David Horváth, Never ending light. Courtesy the Artist and Ciaccia Levi, Paris - Milan ©Photographs: Sebastiano Pellion di Persano
Entrando nella sede milanese di Galleria Ciaccia Levi, in via Gioacchino Rossini 31, veniamo circondati dai lavori di David Horváth, giovane artista emergente di nazionalità rumena. Nato nel 1998, dopo essersi laureato in pittura all’Università di Arti e Design di Cluj-Napoca torna a Baia Mare, la sua città natale, dove attualmente vive e lavora. L’artista collabora dal 2022 con la galleria di Nerina Ciaccia e Antoine Levi e ha partecipato a varie esposizioni collettive, tra cui ricordiamo, in Italia, Estetica dei visionari (2023), a cura dell’Archivio Casorati, Collezione Giuseppe Iannaccone e, naturalmente, Galleria Ciaccia Levi. Never Ending Light, la sua prima personale italiana, è aperta al pubblico dal 8 febbraio al 30 marzo.

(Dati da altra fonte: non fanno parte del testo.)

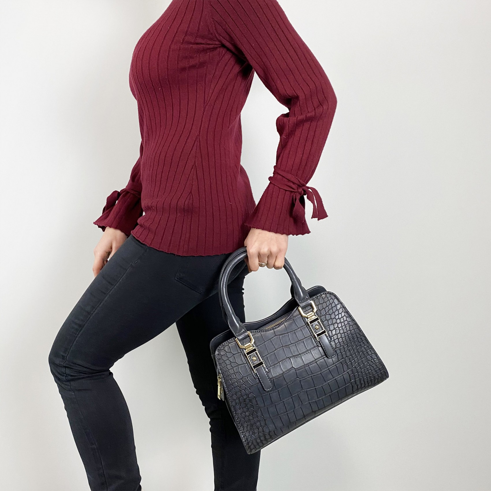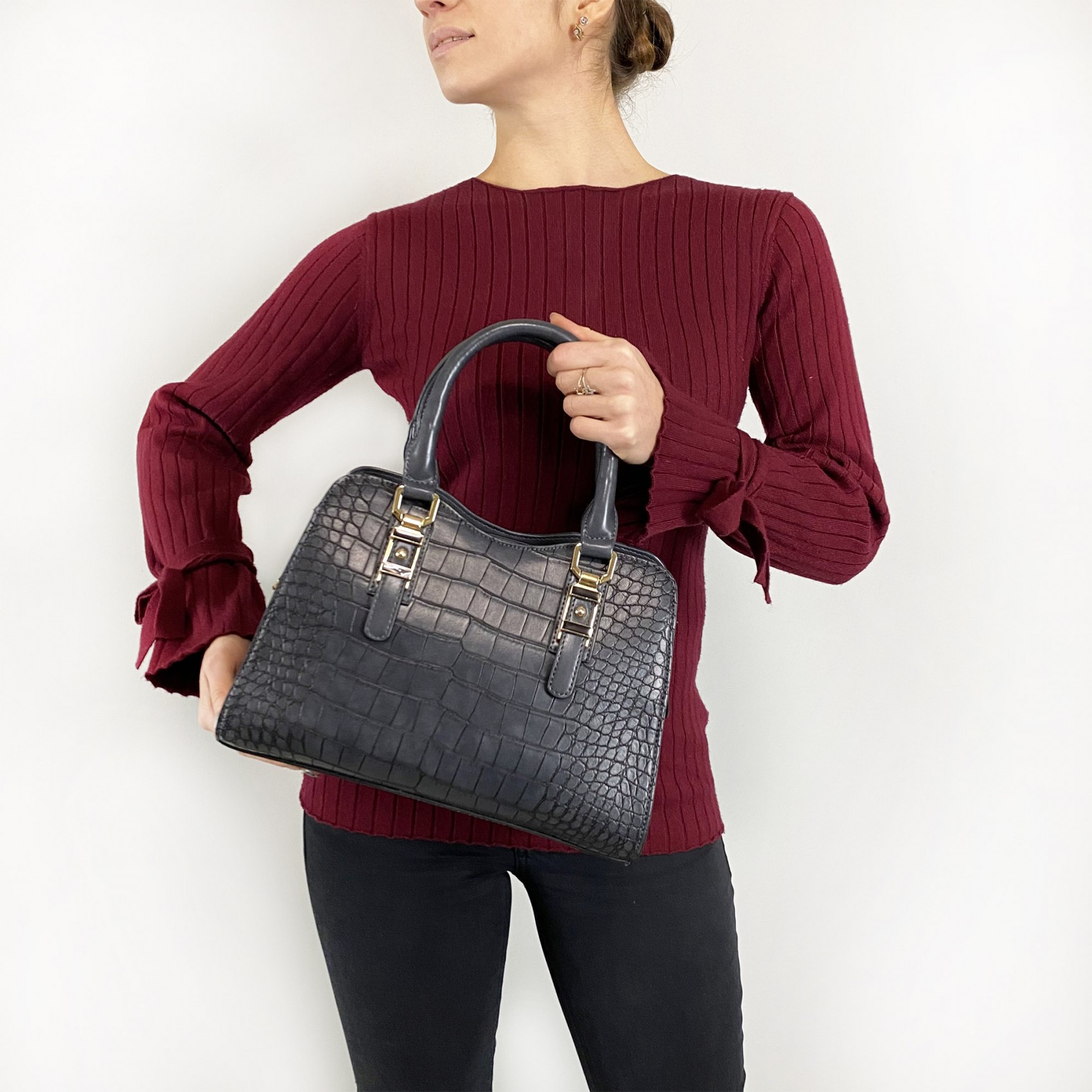Чарівна сумка Elly в сіро-синьому відтінку - сучасна класика, що відображає вашу стильність і елегантність. Увага до деталей і прекрасна якість матеріалів роблять цю сумку незамінною в повсякденному використанні.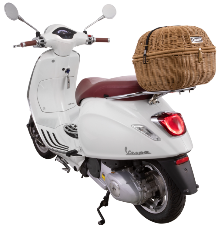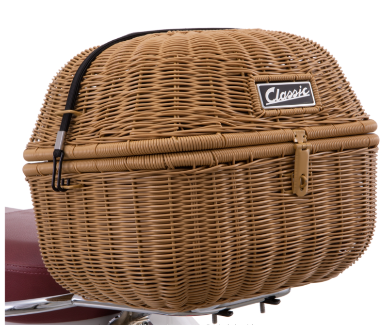 Le panier à bagages SIP "Classic" est une belle alternative au top case Vespa compact normal et le complément idéal pour tous ceux qui ont besoin de plus d'espace de rangement. Les aliments du supermarché, les courses au marché hebdomadaire ou un casque peuvent être rangés en toute sécurité dans ce panier de 36x32x28 cm. Une bande élastique maintient le couvercle bien fermé, même lorsque la route est irrégulière, et la housse de pluie fournie protège le contenu même en cas d'averse. Un petit cadenas (non compris dans la livraison) peut être fixé pour protéger les biens des doigts étrangers. Une poche intérieure supplémentaire est comprise dans la livraison. Avec un volume de près de 18 litres, des poignées pratiques et une fermeture à glissière, il est le compagnon idéal pour les achats de toutes sortes. Le sac peut être facilement emporté, rempli et ensuite simplement placé dans le panier. Le sac intérieur "Classic" dispose d'une petite poche extérieure dans laquelle les lunettes de soleil, le téléphone portable ou les clés trouvent leur place. Les couleurs assorties au sac et au panier forment un ensemble harmonieux.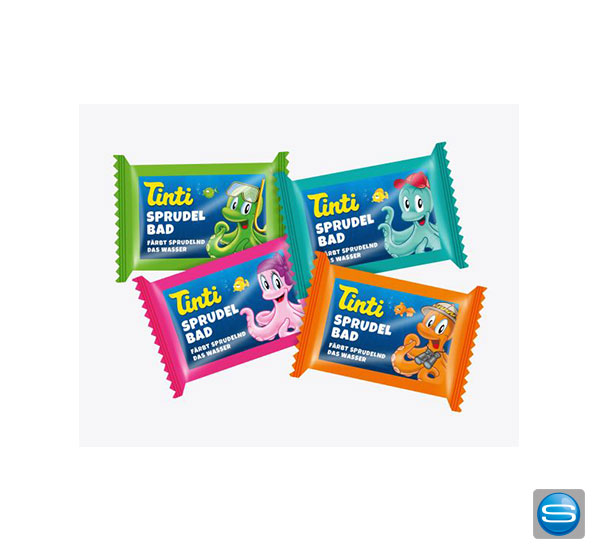 Tinti-Sprudelbad für Kids mit Werbebotschaft

Horváth presenta nella sua prima personale italiana una selezione di autoritratti e paesaggi che culminano nella perfetta fusione dei due soggetti nell’opera Red self-portrait facing outwards (2024). Le esperienze soggettive dell’artista convivono, tra impressioni e visioni, in un racconto pittorico estremamente personale. Echi di richiami alla pittura dei Fauves, un po’ di Gauguin, di Cézanne, risuonano nel pennello dell’artista che definisce la sua espressione creativa «in bilico fra adolescenza ed età adulta». Lo stile di Horváth si contraddistingue per le sue tonalità intense e le figure estremamente semplificate; la proverbiale maestria della tradizione est-europea nel disegno a mano libera è evidente proprio in queste ultime che, se ad un occhio meno attento possono risultare semplici ed eseguite da una mano acerba, sono invece la dimostrazione lampante di una abilità acquisita e superata, perfetto esempio di un artista che padroneggia la tecnica e la fa sua.
L’energia dirompente delle pennellate trasforma la superficie pittorica in un coacervo di tratti forme e colori che sono la diretta e tumultuosa espressione di Horváth. Ad esempio in Red self-portrait no. 1 (2023), Red self-portrait no. 2 (2023) e Red self-portrait no. 3 (2023) l’artista cerca di esprimere con i colori la climax delle sue emozioni, raffigurandosi come una figura scarlatta che, rossa di rabbia, assiste all’impetuosa evoluzione del suo stato d’animo. Esagerando i tratti fisionomici e le saturazioni cromatiche dei soggetti dei dipinti, il giovane artista vi inserisce indizi che rivelano tratti della sua personalità, trasformando un ritratto o paesaggio in una istantanea dell’Io.
«Spinto dalla costante curiosità di conoscere il mio posto nel tempo presente, le figure umane che di solito appaiono nei dipinti sono riferimenti della mia persona, legati agli eventi di una infanzia scomoda», racconta David Horváth a exibart, aggiungendo poi, «anche se questi ricordi si sono dissolti nel tempo, oggi ritornano e parlano attraverso gli strumenti con cui lavoro in studio, in termini di tecnica e ideali visivi».